Contexte[modifier | modifier le code]

En 1091, la prise de Noto par les Normands achève la conquête de l'émirat de Sicile. Les Zirides musulmans sont chassés de Sicile et les Normands s'installent dans le comté de Sicile. Les Normands appliquent aux musulmans de l'île des conditions semblables à celles du statut de dhimmi, que les musulmans appliquaient aux juifs et chrétiens quand ils dirigeaient l'île. À savoir contre des taxes, une certaine acceptation de leur présence et de leur croyance dans l'île.

Plus tard dans l'année, à l'aide d'une petite troupe, le comte normand Roger de Hauteville vainc facilement la garnison musulmane à Malte, puis à Gozo qui est pillé[1]. Le comte Roger de Hauteville impose la libération des esclaves chrétiens. Quand on leur laisse le choix, ces derniers décident de rentrer dans leur patrie et refusent de rester à Malte. En contrepartie d'un tribut annuel à payer, les Normands permettent aux musulmans de rester sur l'archipel maltais, de maintenir en place une administration arabe et d'exercer librement leur culte. Mais en 1122, à Malte, les arabes se soulèvent contre les Normands. Ils cessent de verser le tribut annuel. En 1127, Roger II de Sicile, le fils de Roger de Hauteville reconquérit à nouveau les île de Malte. Une garnison chrétienne est alors laissée sur place.

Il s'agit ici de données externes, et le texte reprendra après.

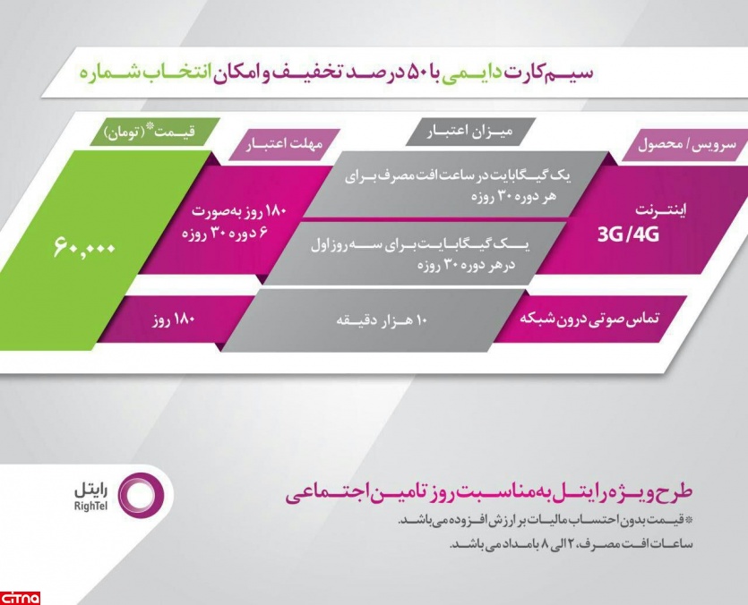 شما بیمه شدگان بیمه تامین اجتماعی میتوانید از 25 تیر ماه سیم کارت دایمی رایتل را به همراه 6 ماه خدمات ارتباطی (اینترنت پرسرعت همراه و تماس صوتی درون شبکه)، با قیمت 60 هزار تومان خریداری نمایید.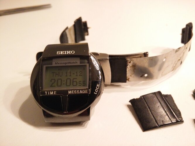 Ik ben voor een Seiko Message Watch (MA54-4A00 R1) op zoek naar een vervangende band. Die is in de loop van de jaren vergaan en nu laat de rubberen laag los van de metalen band. Deze metalen binnenband diende als antenne voor de berichtenservice die aan dit horloge was gekoppeld. Met de nadruk op was, want die service bestaat niet meer.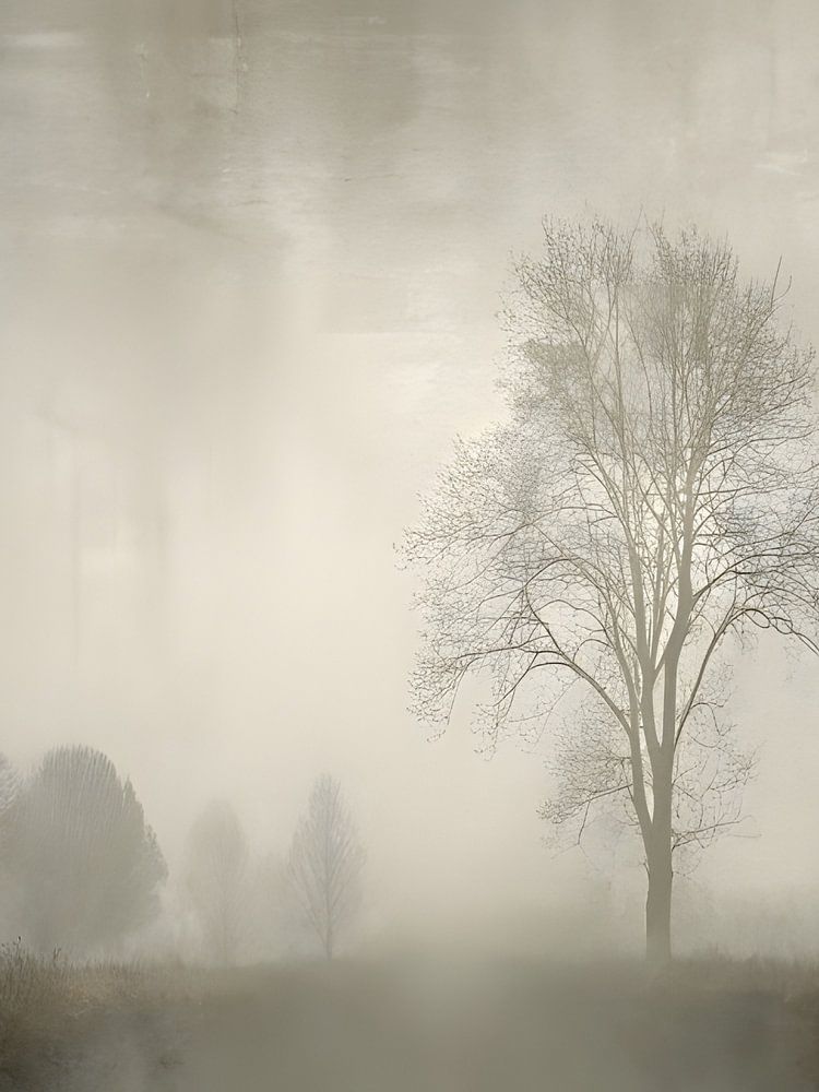 Wie Nebel, der sich an kahle Äste schmiegt, fängt dieses Werk die Poesie eines nebligen Morgens ein. Schichten von weicher Textur schaffen ein beruhigendes visuelles Gedicht.

En 1134-1135, les Normands évincent les Hammadides de certaines positions méditerranéennes comme l’île de Djerba (Ifriqiya) [2].

En 1154, les Djerbiens se rebellent mais les Normands écrasent leur révolte dans le sang.

Caractéristiques de la colonie[modifier | modifier le code]

Vers 1220, les musulmans de Sicile possèdent une grande mosquée, de petites mosquées servant d’école coranique, et un tribunal présidé par un cadi, c’est-à-dire un juge religieux. Mais une révolte des musulmans de Malte et de la Sicile fut lancée par un dénommé Ibn ‘Abbad (Mirabetto) à Iato et Entella. La révolte fut réprimée durement. Devant le nombre de morts que cela causa dans la population, il finit par se rendre et fut mis à mort. Sa fille reprit le flambeau de la révolte contre Frédéric II de Hohenstaufen, mais la mort de l'héroïne sonna le glas de la communauté musulmane du royaume de Sicile.

Jugeant dangereuse l'idée de garder une telle population si près du Maghreb qui pourrait leur venir en aide en cas de nouvelle révolte, et connaissant les trop vivaces traditions indépendantistes des montagnards et des paysans du Val di Mazzara, l'empereur Frédéric II fonda une cité au nord de l'Apulie (les Pouilles actuelles) qu'il appela Lucera.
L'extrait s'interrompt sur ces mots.